Task directions: Up through the line that contains "LOT: 43194272 VIN: 1HGCV2F34NA009055", retype the entries exactly, beginning at the very first line.

Material supplied:

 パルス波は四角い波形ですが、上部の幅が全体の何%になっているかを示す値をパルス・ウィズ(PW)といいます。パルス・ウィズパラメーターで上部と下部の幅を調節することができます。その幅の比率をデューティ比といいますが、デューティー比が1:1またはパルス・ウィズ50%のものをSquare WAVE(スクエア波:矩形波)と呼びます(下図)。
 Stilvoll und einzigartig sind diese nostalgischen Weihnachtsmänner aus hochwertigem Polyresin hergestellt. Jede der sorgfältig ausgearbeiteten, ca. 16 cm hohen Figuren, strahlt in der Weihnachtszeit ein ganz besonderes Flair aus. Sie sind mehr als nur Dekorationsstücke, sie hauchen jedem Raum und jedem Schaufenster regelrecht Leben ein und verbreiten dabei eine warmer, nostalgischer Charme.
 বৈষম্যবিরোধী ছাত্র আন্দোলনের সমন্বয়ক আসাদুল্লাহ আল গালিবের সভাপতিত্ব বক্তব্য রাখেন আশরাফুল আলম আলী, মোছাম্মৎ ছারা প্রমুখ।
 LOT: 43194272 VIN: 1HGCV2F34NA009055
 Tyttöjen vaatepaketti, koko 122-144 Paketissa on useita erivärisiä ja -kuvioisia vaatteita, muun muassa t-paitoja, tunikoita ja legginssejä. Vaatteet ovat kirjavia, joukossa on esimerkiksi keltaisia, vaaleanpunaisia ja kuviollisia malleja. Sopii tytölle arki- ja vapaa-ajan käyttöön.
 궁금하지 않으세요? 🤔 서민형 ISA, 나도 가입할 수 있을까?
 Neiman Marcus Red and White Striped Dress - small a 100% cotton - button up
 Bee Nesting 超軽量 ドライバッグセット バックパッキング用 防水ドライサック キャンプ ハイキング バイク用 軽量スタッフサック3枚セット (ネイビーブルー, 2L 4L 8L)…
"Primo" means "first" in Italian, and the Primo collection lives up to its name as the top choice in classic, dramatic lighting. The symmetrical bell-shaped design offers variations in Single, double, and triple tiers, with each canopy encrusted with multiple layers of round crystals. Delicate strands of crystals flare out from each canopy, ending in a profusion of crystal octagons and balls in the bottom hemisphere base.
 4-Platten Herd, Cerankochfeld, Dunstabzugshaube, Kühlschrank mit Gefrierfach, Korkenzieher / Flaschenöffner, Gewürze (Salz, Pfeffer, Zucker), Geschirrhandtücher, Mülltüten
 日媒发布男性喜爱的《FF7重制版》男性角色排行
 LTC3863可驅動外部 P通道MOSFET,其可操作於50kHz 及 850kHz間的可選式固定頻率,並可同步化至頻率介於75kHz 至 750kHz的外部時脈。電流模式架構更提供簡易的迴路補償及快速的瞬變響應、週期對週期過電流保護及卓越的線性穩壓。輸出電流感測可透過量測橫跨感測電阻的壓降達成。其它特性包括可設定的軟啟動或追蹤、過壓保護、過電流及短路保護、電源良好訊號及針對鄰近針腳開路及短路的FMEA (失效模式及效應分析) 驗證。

Solution for this task:
 パルス波は四角い波形ですが、上部の幅が全体の何%になっているかを示す値をパルス・ウィズ(PW)といいます。パルス・ウィズパラメーターで上部と下部の幅を調節することができます。その幅の比率をデューティ比といいますが、デューティー比が1:1またはパルス・ウィズ50%のものをSquare WAVE(スクエア波:矩形波)と呼びます(下図)。
 Stilvoll und einzigartig sind diese nostalgischen Weihnachtsmänner aus hochwertigem Polyresin hergestellt. Jede der sorgfältig ausgearbeiteten, ca. 16 cm hohen Figuren, strahlt in der Weihnachtszeit ein ganz besonderes Flair aus. Sie sind mehr als nur Dekorationsstücke, sie hauchen jedem Raum und jedem Schaufenster regelrecht Leben ein und verbreiten dabei eine warmer, nostalgischer Charme.
 বৈষম্যবিরোধী ছাত্র আন্দোলনের সমন্বয়ক আসাদুল্লাহ আল গালিবের সভাপতিত্ব বক্তব্য রাখেন আশরাফুল আলম আলী, মোছাম্মৎ ছারা প্রমুখ।
 LOT: 43194272 VIN: 1HGCV2F34NA009055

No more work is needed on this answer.